**BRIEF**
Only the pictures should be left out; repeat the rest of the data exactly.

**DATASET EXTRACT**
*** Begin section ***

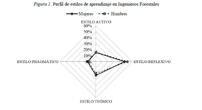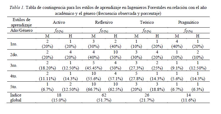 Los porcentajes de mayor representatividad se corresponden con el estilo de aprendizaje reflexivo, con un 51.7% de índice global, seguido de los estilos teórico (21.7%), activo (15.0%) y pragmático (11.6%). Cuatro de las diez mujeres (40%) que cursan el primer año de la carrera Ingeniería Forestal prefieren el aprendizaje basado en la contrastación de ideas y procedimientos desde un pensamiento orientado al sentido práctico, solucionar problemas con rapidez.
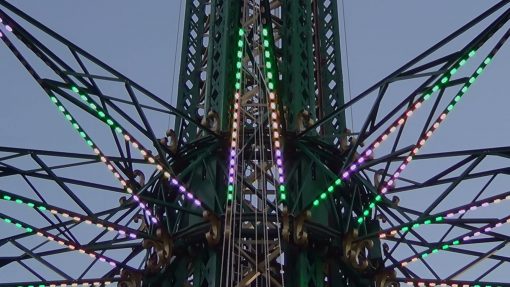 Wurstelprater, the amusement park in the Wiener Prater. The bogie on the tallest merry-go-round ascends.
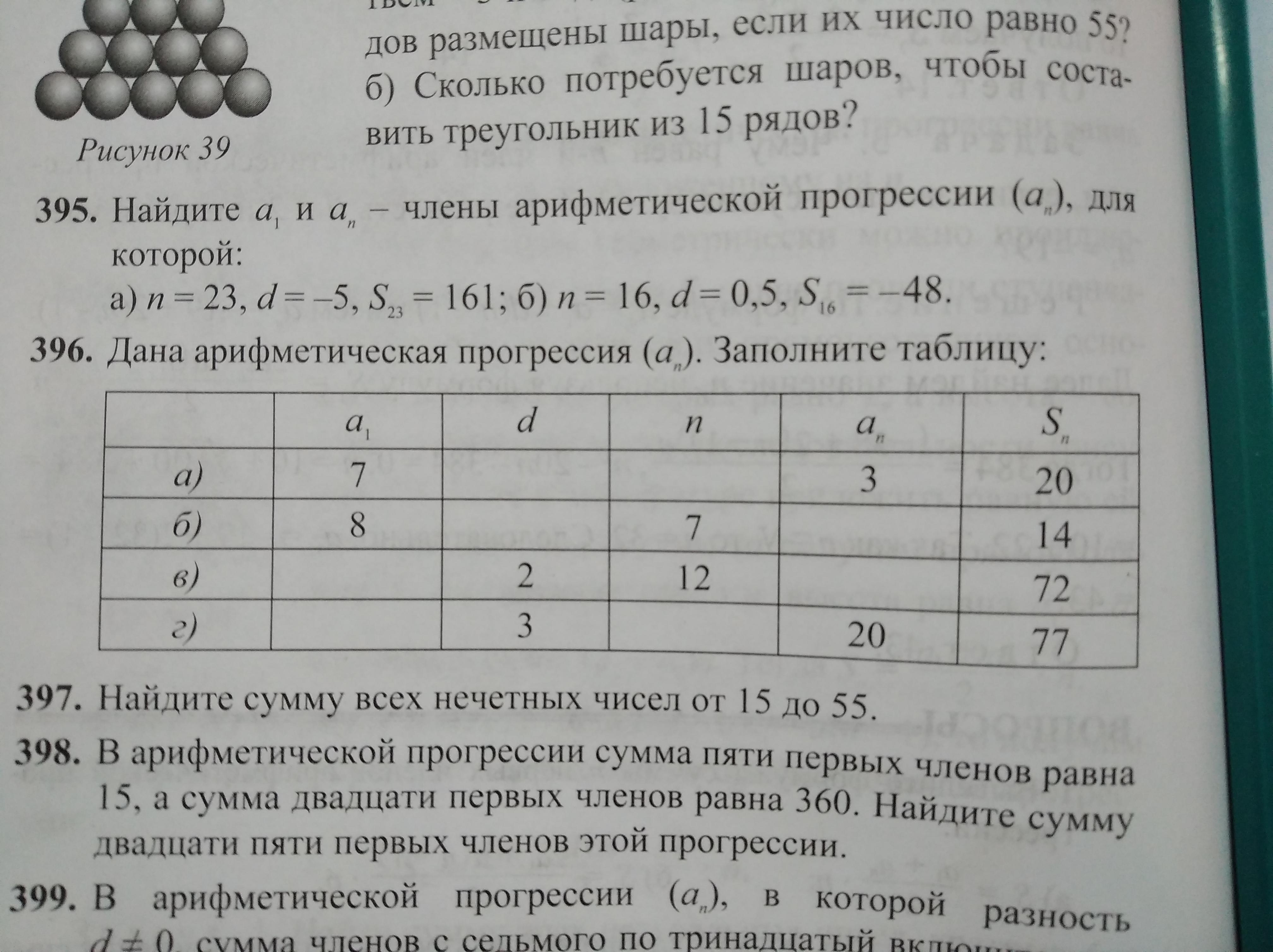 а) a₁=7; aₙ=3; Sₙ=20; d-?; n-?
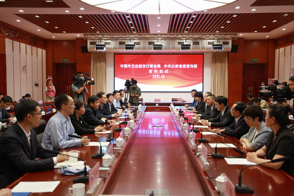 北京2021年10月9日 /新闻稿网 - Xinwengao.com/ — 以下为来自中国网的报道: 10月9日,中国外文局与云南省委宣传部战略合作签约仪式在云南省大理州举行。中国外文局局长杜占元,云南省委常委、宣传部部长赵金出席仪式并致辞。中国外文局副局长陆彩荣,中国外文局副总编辑陈实,云南省委宣传部副部长、省政府新闻办主任彭斌,云南省委宣传部一级巡视员田虎青及双方有关负责同志出席。 签约仪式现场 中国外文局与云南省委宣传部签署战略合作协议 杜占元在致辞中表示,中国外文局是承担党和国家对外宣介任务的国际传播机构,中央明确要求中国外文局加强与中央部委、地方、行业、高等学校和研究机构、企业等的国际传播协作。值此《生物多样性公约》缔约方大会第十五次会议开幕之际,中国外文局与云南省委宣传部签订战略合作协议,是共同讲好云南故事、中国故事的有力抓手,为央地之间开展国际传播合作树立了标杆。希望双方以此次战略合作为契机,策划实施更多创新性国际传播项目,搭建更宽广的国际传播平台,推出更多国际传播精品和品牌,为助力云南高质量发展和展示真实立体全面的中国作出更大贡献。 中国外文局局长杜占元致辞 赵金在致辞中表示,长期以来,云南与中国外文局始终保持良好合作关系,双方在国际传播合作方面取得了明显成效。云南将以此次战略合作协议签署为新起点,充分发挥区位优势,围绕建设面向南亚东南亚辐射中心,深化双方务实合作,全面加强国际传播能力建设,在讲好美丽中国七彩云南故事上发挥积极作用。 云南省委常委、宣传部部长赵金致辞 随后,陆彩荣与彭斌分别在协议书上签字,标志着双方合作进入深度融合、协作共赢的新阶段。根据协议,双方将在国际传播、文化交流、南亚东南亚区域国际传播中心建设、舆情研究等方面不断深化务实合作,谱写好中国梦的云南篇章。同时充分利用云南独特的区位优势和丰富的外宣资源,提升中国外文局服务国家重大战略的综合实力和水平。 中国外文局与云南省委宣传部签署战略合作协议 打造协同协作新典范http://news.china.com.cn/txt/2021-10/09/content_77798144.htm

*** End section ***

**RESULT OF THIS TASK**
 Los porcentajes de mayor representatividad se corresponden con el estilo de aprendizaje reflexivo, con un 51.7% de índice global, seguido de los estilos teórico (21.7%), activo (15.0%) y pragmático (11.6%). Cuatro de las diez mujeres (40%) que cursan el primer año de la carrera Ingeniería Forestal prefieren el aprendizaje basado en la contrastación de ideas y procedimientos desde un pensamiento orientado al sentido práctico, solucionar problemas con rapidez.
 Wurstelprater, the amusement park in the Wiener Prater. The bogie on the tallest merry-go-round ascends.
 а) a₁=7; aₙ=3; Sₙ=20; d-?; n-?
 北京2021年10月9日 /新闻稿网 - Xinwengao.com/ — 以下为来自中国网的报道: 10月9日,中国外文局与云南省委宣传部战略合作签约仪式在云南省大理州举行。中国外文局局长杜占元,云南省委常委、宣传部部长赵金出席仪式并致辞。中国外文局副局长陆彩荣,中国外文局副总编辑陈实,云南省委宣传部副部长、省政府新闻办主任彭斌,云南省委宣传部一级巡视员田虎青及双方有关负责同志出席。 签约仪式现场 中国外文局与云南省委宣传部签署战略合作协议 杜占元在致辞中表示,中国外文局是承担党和国家对外宣介任务的国际传播机构,中央明确要求中国外文局加强与中央部委、地方、行业、高等学校和研究机构、企业等的国际传播协作。值此《生物多样性公约》缔约方大会第十五次会议开幕之际,中国外文局与云南省委宣传部签订战略合作协议,是共同讲好云南故事、中国故事的有力抓手,为央地之间开展国际传播合作树立了标杆。希望双方以此次战略合作为契机,策划实施更多创新性国际传播项目,搭建更宽广的国际传播平台,推出更多国际传播精品和品牌,为助力云南高质量发展和展示真实立体全面的中国作出更大贡献。 中国外文局局长杜占元致辞 赵金在致辞中表示,长期以来,云南与中国外文局始终保持良好合作关系,双方在国际传播合作方面取得了明显成效。云南将以此次战略合作协议签署为新起点,充分发挥区位优势,围绕建设面向南亚东南亚辐射中心,深化双方务实合作,全面加强国际传播能力建设,在讲好美丽中国七彩云南故事上发挥积极作用。 云南省委常委、宣传部部长赵金致辞 随后,陆彩荣与彭斌分别在协议书上签字,标志着双方合作进入深度融合、协作共赢的新阶段。根据协议,双方将在国际传播、文化交流、南亚东南亚区域国际传播中心建设、舆情研究等方面不断深化务实合作,谱写好中国梦的云南篇章。同时充分利用云南独特的区位优势和丰富的外宣资源,提升中国外文局服务国家重大战略的综合实力和水平。 中国外文局与云南省委宣传部签署战略合作协议 打造协同协作新典范http://news.china.com.cn/txt/2021-10/09/content_77798144.htm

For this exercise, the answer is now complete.